> EXTRACTED MATERIAL
● ● ● ● ●
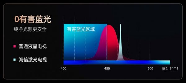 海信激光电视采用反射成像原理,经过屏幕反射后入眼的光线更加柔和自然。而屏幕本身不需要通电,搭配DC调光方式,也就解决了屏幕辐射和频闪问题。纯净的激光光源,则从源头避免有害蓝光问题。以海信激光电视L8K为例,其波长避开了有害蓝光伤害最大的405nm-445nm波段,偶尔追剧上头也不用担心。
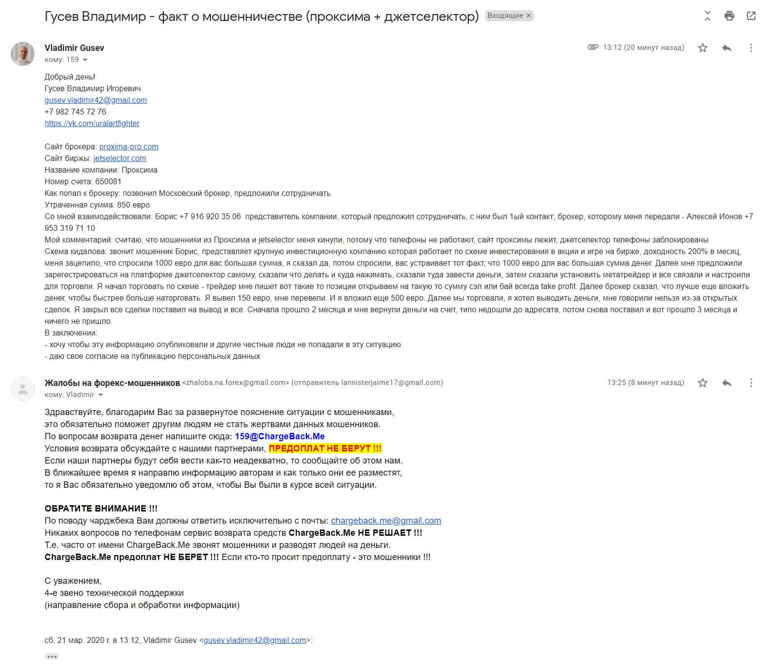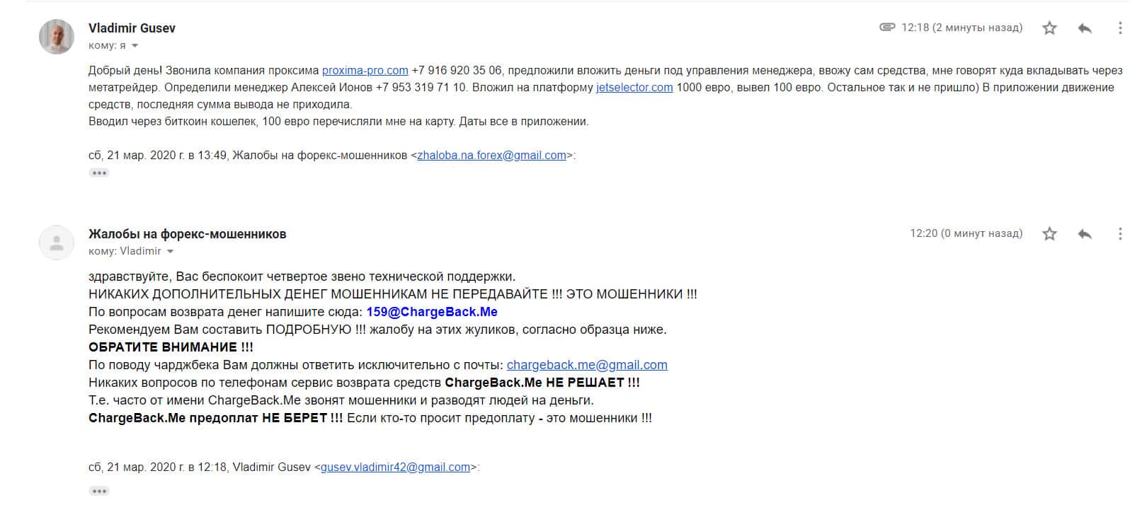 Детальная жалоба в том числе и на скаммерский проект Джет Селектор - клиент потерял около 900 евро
● ● ● ● ●
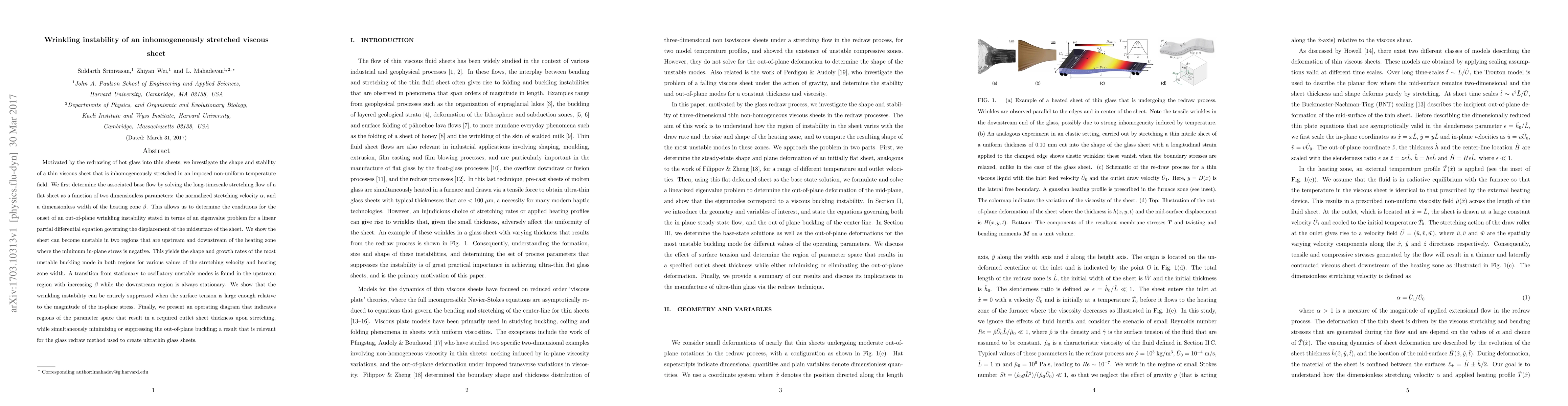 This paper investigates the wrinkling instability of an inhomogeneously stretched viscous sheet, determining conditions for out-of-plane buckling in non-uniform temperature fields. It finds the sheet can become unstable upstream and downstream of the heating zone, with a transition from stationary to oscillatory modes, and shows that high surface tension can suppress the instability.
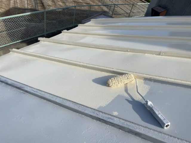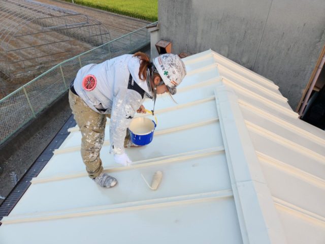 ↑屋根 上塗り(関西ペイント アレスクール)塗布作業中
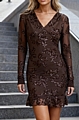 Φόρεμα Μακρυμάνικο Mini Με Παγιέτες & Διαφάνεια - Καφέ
● ● ● ● ●
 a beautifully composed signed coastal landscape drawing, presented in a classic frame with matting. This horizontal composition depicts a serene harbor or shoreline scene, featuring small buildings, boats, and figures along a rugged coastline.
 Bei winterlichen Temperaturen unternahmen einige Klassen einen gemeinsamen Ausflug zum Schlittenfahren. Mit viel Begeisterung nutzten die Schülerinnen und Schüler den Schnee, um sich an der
● ● ● ● ●
> TASK DESCRIPTION
Your task for the entries above: copy exactly the span starting with the line with "a beautifully composed" and going on through the line with "Bei winterlichen Temperaturen", both lines included, and nothing else.

> EXERCISE SOLUTION
 a beautifully composed signed coastal landscape drawing, presented in a classic frame with matting. This horizontal composition depicts a serene harbor or shoreline scene, featuring small buildings, boats, and figures along a rugged coastline.
 Bei winterlichen Temperaturen unternahmen einige Klassen einen gemeinsamen Ausflug zum Schlittenfahren. Mit viel Begeisterung nutzten die Schülerinnen und Schüler den Schnee, um sich an der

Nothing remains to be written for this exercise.